This symphony, we are told, draws to a conclusion the sequence of sumptuous Mahlerian works that began with the Fourth Symphony and which is voiced most famously in the several times recorded Fifth. One other composer also comes to mind although in overall mood terms he is Silvestrov’s antipodes. That is Allan Pettersson whose visions of ecstasy are always washed over with tears and hard won from inimical human forces. 

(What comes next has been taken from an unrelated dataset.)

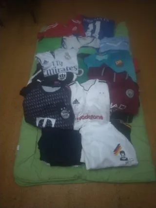 Conjunto de ropa deportiva para fútbol. - Camisetas y pantalones. - Diseños variados de equipos. 14 equipaciones de diferentes tallas desde la 18 a la 28 y botas de fútbol decathlon nuevas talla 32.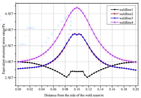 Figure 15 shows the equivalent structural stress of various weld seams of the bridge deck with double-sided weld seam. The trend of normal structural stress of Double-Weldline1 was opposite to that of the other three weld seams. The maximum normal stress at both sides of the Double-Weldline1 was 30 MPa and the stress gradually decreased to the middle of the weld seam. The minimum normal stress is 25.2 MPa. The normal stress increased reversely compared to the other three seams and remained uniform. The trends of the equivalent structural stress of Double-Weldline2 and Double-Weldline3 were similar and the normal stress values were close to each other. The normal stress increased gradually from the side of the weld seam to the middle section and the growth rate increased gradually. The maximum normal stress was 38.74 MPa and 38.68 MPa, respectively, for Double-Weldline2 and Double-Weldline3. The normal stress at the middle section decreased slightly.

The language of this symphony gleams starrily yet thunders, rumbles and groans in protest. The five movement work starts as if caught midway through a great wounded groan and proceeds into slowly thoughtful darkness. It is as if we hear a protesting defiant creature somehow superhuman, pained and serene. Silvestrov is unintimidated by sentimentality as we can hear in a melody close to the film music of John Barry at the start of the long third movement. There is a Bergian luxuriance and romantic nostalgia about the writing (II, 4:32). In the penultimate Intermezzo a misty-eyed exhaustion radiates through for the solo piano amid sighing and wispy string textures. With a steely dazzle the finale opens in an analogue of the first movement with rapture counter-pointed by melodramatic brass-articulated horror. 

The thoughtful notes are by Herbert Glossner and Tatjana Frumkis. I just wish there had been more biographical insight from the composer who is seen in two photographs in the booklet. 

The symphony is dedicated to Virko Baley. 

If, as is claimed, the composer is trying to express a vision of utopia it is a warm and comforting vision made the more enthralling by a tectonic violence which causes the landscape to heave and shudder.